Después de terminar el libro, me dije, después de terminarlo mirás.
Los libros son una experiencia única, sé que cuando se terminan, ya no puedo borrarlos de mi memoria, aunque a veces pagaría por hacerlo, por volverlos a leer sin saber nada de ellos.
Voy leyendo y caminando a la vez, me choco de frente a un religioso que no vi, uno de esos que andan como envueltos en una bata negra de satén, peyes largos, sombrero, me mira mal, y yo lo miro mal a él.
—Señorita, preste atención —me dice en hebreo.
No le contesto, sigo caminando ¿Cómo le explico? Cómo le explico, en mi hebreo nivel intermedio, que estoy terminando un libro que se me metió en la epidermis y llegó hasta la hipodermis; que Andre, quien me contó todos sus secretos, me acompañó a almorzar, a dormir, a llorar, está a punto de terminar su carrera.
Cómo le explico que tengo el corazón en la boca. Que estoy destruida, que no quiero que lo nuestro se termine y se va a terminar, está a punto de terminarse. Dos páginas.
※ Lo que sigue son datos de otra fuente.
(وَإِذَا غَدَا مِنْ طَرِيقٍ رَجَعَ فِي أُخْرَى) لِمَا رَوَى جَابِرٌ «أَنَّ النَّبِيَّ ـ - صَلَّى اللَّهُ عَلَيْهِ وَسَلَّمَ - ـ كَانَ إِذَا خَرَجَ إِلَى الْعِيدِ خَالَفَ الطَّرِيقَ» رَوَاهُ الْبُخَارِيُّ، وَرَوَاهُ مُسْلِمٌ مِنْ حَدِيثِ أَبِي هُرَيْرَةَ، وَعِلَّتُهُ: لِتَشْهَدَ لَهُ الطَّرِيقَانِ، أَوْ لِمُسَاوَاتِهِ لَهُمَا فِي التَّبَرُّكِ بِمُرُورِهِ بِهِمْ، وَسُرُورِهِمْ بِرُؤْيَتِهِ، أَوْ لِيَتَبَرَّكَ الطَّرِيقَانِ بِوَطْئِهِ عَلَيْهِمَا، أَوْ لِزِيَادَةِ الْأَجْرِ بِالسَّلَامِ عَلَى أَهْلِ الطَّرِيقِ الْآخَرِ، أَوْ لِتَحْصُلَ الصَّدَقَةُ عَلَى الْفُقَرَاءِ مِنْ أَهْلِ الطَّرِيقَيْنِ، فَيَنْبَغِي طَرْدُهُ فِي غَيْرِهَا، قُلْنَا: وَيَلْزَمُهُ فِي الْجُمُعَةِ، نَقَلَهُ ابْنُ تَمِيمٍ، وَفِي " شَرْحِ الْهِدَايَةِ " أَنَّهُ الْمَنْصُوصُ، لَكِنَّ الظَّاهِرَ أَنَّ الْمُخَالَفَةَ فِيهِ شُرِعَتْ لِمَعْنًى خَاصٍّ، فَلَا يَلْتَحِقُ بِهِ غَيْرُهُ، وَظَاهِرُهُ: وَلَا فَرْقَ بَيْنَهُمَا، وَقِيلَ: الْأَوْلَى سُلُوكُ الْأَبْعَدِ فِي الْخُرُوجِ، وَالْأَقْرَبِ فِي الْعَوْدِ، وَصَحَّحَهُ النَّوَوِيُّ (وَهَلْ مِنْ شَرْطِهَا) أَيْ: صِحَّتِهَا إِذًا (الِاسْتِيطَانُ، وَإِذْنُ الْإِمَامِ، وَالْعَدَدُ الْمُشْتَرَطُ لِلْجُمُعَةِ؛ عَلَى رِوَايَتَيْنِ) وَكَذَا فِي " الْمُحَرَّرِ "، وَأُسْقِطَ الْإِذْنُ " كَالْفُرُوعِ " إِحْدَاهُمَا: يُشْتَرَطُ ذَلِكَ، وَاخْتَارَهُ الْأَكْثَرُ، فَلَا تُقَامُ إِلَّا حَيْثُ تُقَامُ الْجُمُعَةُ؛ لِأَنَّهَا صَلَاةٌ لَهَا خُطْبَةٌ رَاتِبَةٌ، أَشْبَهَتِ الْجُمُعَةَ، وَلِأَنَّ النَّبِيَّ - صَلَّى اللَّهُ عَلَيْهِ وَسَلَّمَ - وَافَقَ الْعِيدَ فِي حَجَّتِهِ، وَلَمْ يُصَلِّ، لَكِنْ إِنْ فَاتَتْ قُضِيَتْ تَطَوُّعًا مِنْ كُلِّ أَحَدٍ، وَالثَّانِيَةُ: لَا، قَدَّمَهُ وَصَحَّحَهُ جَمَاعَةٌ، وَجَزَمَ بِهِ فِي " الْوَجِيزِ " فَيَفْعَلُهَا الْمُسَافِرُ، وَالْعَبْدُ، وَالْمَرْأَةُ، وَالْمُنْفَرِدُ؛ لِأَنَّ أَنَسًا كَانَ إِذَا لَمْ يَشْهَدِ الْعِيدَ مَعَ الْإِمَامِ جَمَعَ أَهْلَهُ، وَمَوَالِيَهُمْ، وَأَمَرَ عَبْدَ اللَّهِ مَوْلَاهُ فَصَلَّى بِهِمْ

Vuelvo al libro. Leo las dos páginas, ya en la puerta de la oficina, me siento mirando para el lado contrario al que viene la gente, por si llega alguno de mis compañeros. Lloro, lloro con un dolor que me sale de lo más profundo. Lloro por la carrera de Andre que acaba de terminar, por todo su viaje, lloro porque no quería que se terminara pero al mismo tiempo, se tenía que terminar. Lloro por mí, por lo triste que me sentí estas últimas semanas, por la bronca de desconectar de la vida y de olvidarme que, como el libro, como la carrera de un tenista profesional, también se termina. Tampoco puedo tener eso presente todo el tiempo, es demasiado.
Lloro por estar llorando porque un libro se acaba de terminar, lloro por ser tan pelotuda, por dejar que las emociones lleguen tan profundo, me digo que no puede ser así, que no debería ser así, los libros no deberían hacerme sentir tanto. Algo no está bien. Debería dejarlos.
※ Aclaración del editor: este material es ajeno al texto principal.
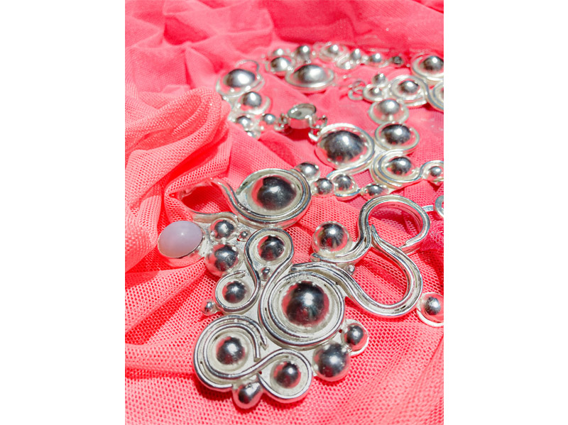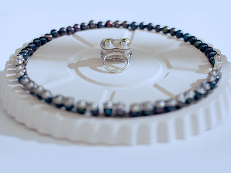Anastasia hails from Greece and takes inspiration from the deep sea where pearls grow as a parasite on oysters. Anastasia explores the dependent relationship of the pearl to the oyster in her debut collection Pearl Connection.

Pero enseguida pienso todo lo que me habría perdido de no leer, toda la gente que no conocería, todos los lugares que no conocería, y me imagino mi corazón mucho más pequeño, no como este, que lo estiro y dejo que se estire, que se expanda.
Me acuerdo de por qué leo, de esos primeros libros que me hicieron sentir tanto que me asusté. Me acuerdo de Claudia Piñeiro, que dice que lee porque al saber de la finitud de la vida necesita vivir todas las vidas posibles.
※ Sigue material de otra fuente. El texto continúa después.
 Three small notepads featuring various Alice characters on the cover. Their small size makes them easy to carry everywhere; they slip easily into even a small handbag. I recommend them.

Los libros, el refugio del que entro y salgo cuando quiero. Los libros, antídoto para el insomnio, para el vacío, para la soledad. Los libros, los malditos libros, no dejaré de leerlos hasta que se me caigan los ojos.
Ahora sí, ya en la oficina, puedo googlear a Agassi, a su familia, a Gil, entrar a su Instagram. Es como si lo conociera, a ese tipo del que hace unas semanas no sabía nada: sé cómo siente, cómo piensa, cómo vive. Qué privilegio.




Gracias por recomendarme este libro, Justo que me meto en el desafío de Seguir, si seguir, con mis memorias. Algunas (nosotras) no parece que escribamos otra cosa. Tal vez porque sabemos que hay una soledad inexpugnable que vale la pena intentar vencer, aunque no podamos: “"Tuve un profesor que me gustaba que solía decir que la tarea de la mejor narrativa era relajar al inquieto e inquietar al relajado. Supongo que buena parte del propósito de la narrativa seria es proporcionar al lector, quien como todos nosotros es una especie de náufrago en su propio cráneo, proporcionarle acceso imaginativo a otros yos. Dado que sufrir forma parte ineludible de tener un yo humano, los humanos se acercan al arte en alguna medida para experimentar sufrimiento, necesariamente como experiencia vicaria, más bien como una especie de generalización del sufrimiento. ¿Me explico? En el mundo real, todos sufrimos en soledad; la empatía verdadera es imposible. Pero si una obra de ficción nos permite de forma imaginaria identificarnos con el dolor de los personajes, entonces también podríamos concebir que otros se identificaran con el nuestro. Esto es reconfortante, liberador; hace que nos sintamos menos solos".